- [Directions for this task]: Omit all pictures. Quote the lines from the one with "Технически: Цена в" through the end of the listing below, exactly as they appear.

- [Recorded data]:
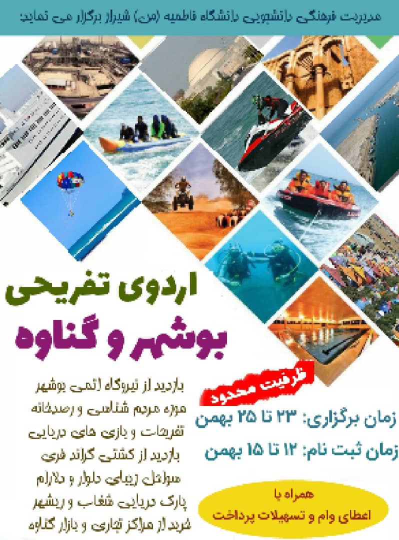 اطلاعیه اردوی تفریحی بوشهر و گناوه
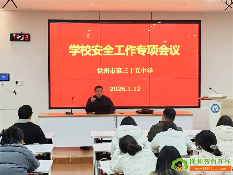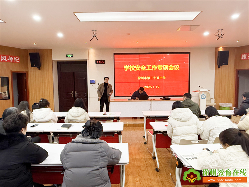 苏公网安备 32031102000486号为切实压紧校园安全责任,防范化解各类安全风险,2026年1月12日下午,徐州市第三十五中学召开安全专项工作会议。学校领导班子、各部门负责人及部门工作人员、年级主任及全体班主任参会,会议由校长杨洋主持。
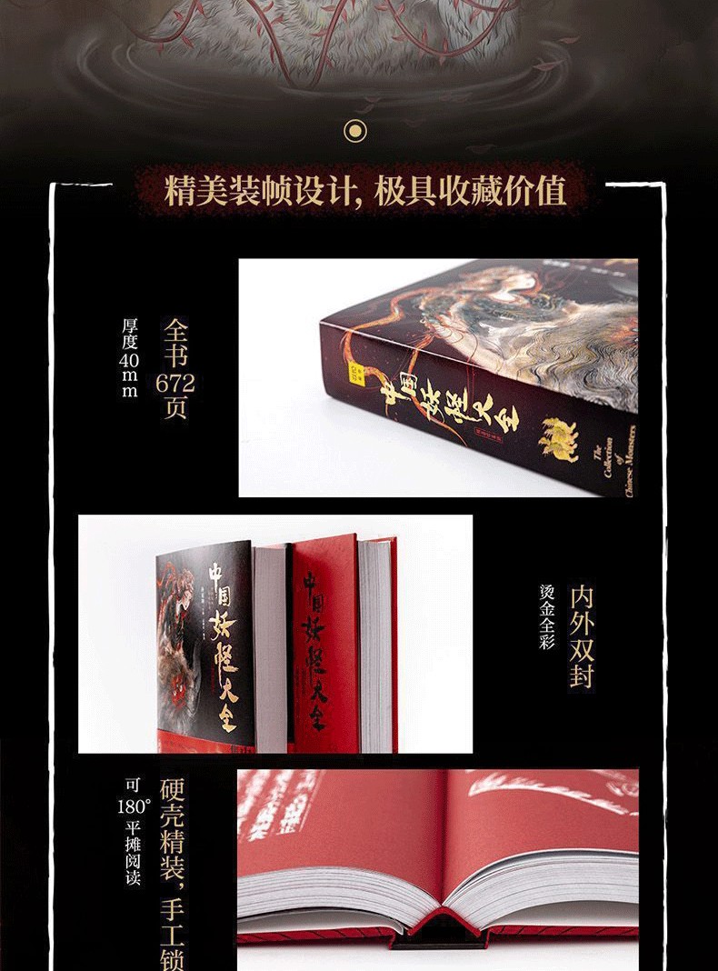 《中國妖怪大全》是中國妖怪文化的集大成之作,全書收錄了305個妖怪(含136個妖魔鬼怪,125種奇禽異獸,27位神仙異人,17種仙草奇蟲),217個神話故事,417幅經典畫作。從神仙異人到奇禽異獸,再到妖魔怪,匯集國各地傳說、民俗和神話,配以奇幻又富有創意的插畫,為讀者呈現了一個光怪陸離、神秘莫測的妖怪世界。
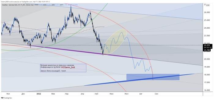 Технически: Цена в 20-х числах апреля сломала восходящую параболу и пробила красный угол. Это означает, что приоритет по вероятности смещен в сторону снижения к фиолетовому углу. Локально, возможно, мы увидим откат вверх в зону 23.4 - 24.1, после чего продолжение падения цены металла.
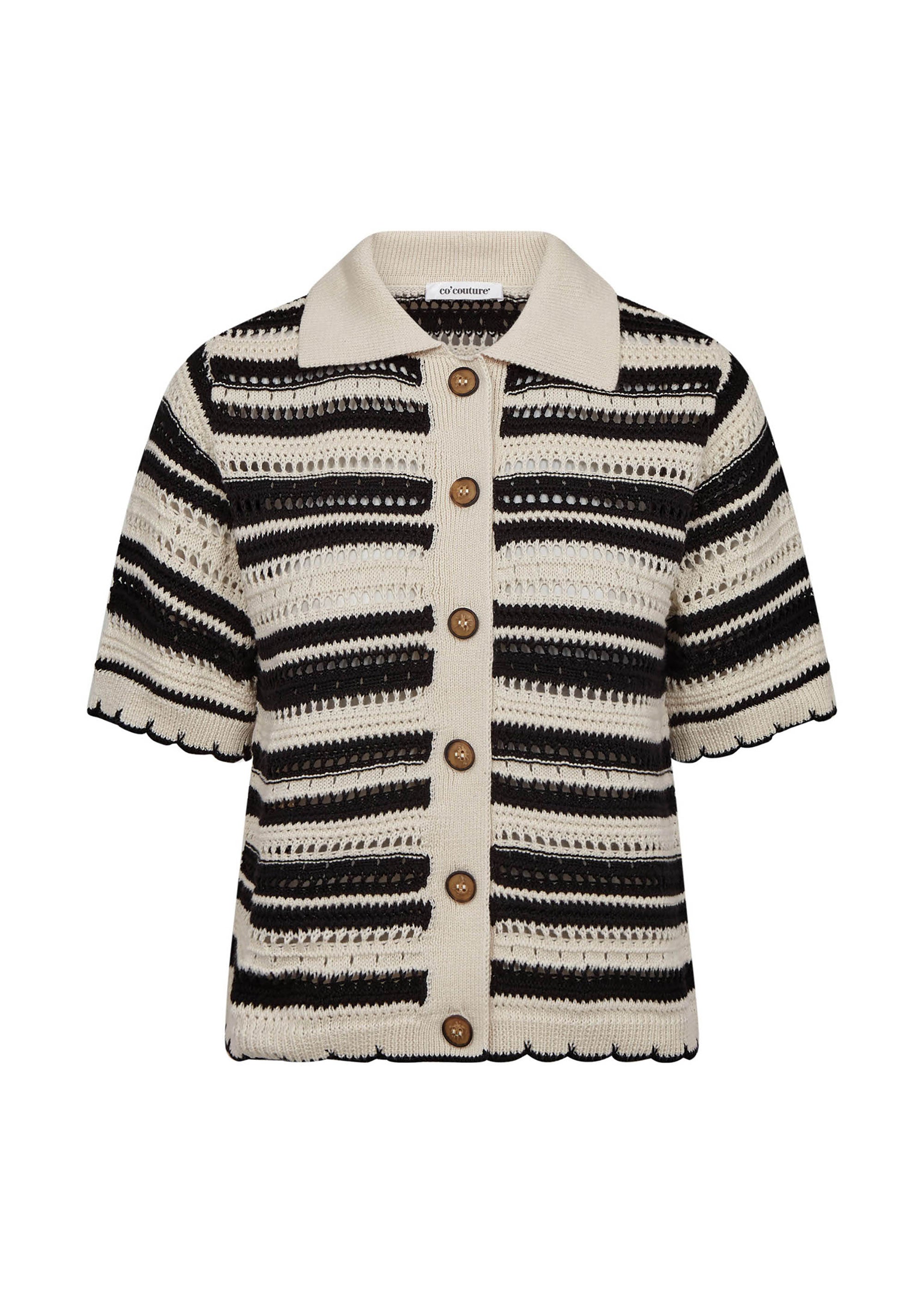 CO'COUTURE OdetteCC Stripe SS Cardigan - Off White / Black

- [Solved exercise]:
 Технически: Цена в 20-х числах апреля сломала восходящую параболу и пробила красный угол. Это означает, что приоритет по вероятности смещен в сторону снижения к фиолетовому углу. Локально, возможно, мы увидим откат вверх в зону 23.4 - 24.1, после чего продолжение падения цены металла.
 CO'COUTURE OdetteCC Stripe SS Cardigan - Off White / Black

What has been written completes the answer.